Seneye, eskisi gibi coşkulu bir Emitt fuarı bekliyorum inşallah.
SAMATYA’DA KISA BİR GEZİ
Samatya, İstanbul’un en eski semtlerinden birisi... Kelimenin anlamı da Psamatyon’dan gelme ve “kumluk yer” demekmiş Eski Yunancada. Gerçekten, denize yakınlığına ve deniz tarafına örülen surlara bakılırsa asırlar önce ince kumu ile meşhur bir yerdi herhalde.

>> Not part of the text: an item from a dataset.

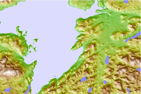 Use this relief map to navigate to tide stations, surf breaks and cities that are in the area of Sandwich Bay (East Arm), Newfoundland.

Geçen Pazar günü Fest tur ile Samatya’yı gezdik. Hala tarihi dokusunu koruyabilen ender yerlerden birisi Samatya. Daracık sokaklar ve eski ahşap evler dimdik ayakta. Rehberimiz Çiçek Akçıl, eski ahşap evlerin yanlarına örülen yangın duvarlarını da gösterdi bize. Bu duvarlar sayesinde, yangın çıktığında evden eve atlaması bir ölçüde önlenebiliyormuş.
Samatya’nın orijinal halkı gayri müslim olduğu için çok sayıda kilise bulunuyor. Bazı kiliselerin cemaatı olmadığı veya çok az olduğu için kiliselere yeteri kadar bakılamıyor.
Samatya gezimiz sırasında Mimar Sinan tarafından inşa edilen eski bir hamam dikkatmi çekti. Hamam, restore edileceğine, yeni taşla bina eklenmiş önüne ve süpermarket olmuş!
Bugün ki Samatya’da balıkçı lokantaları ve meyhaneler çok popüler. Bu tür mekanların açık olduğu öğle saatlarından itibaren meydan pek kalabalık oluyor.
Gezi sırasında bana sürpriz olan, bir kilisenin bahçesinde gördüğüm e üzerinde de mandalin olan meyva agacıydı.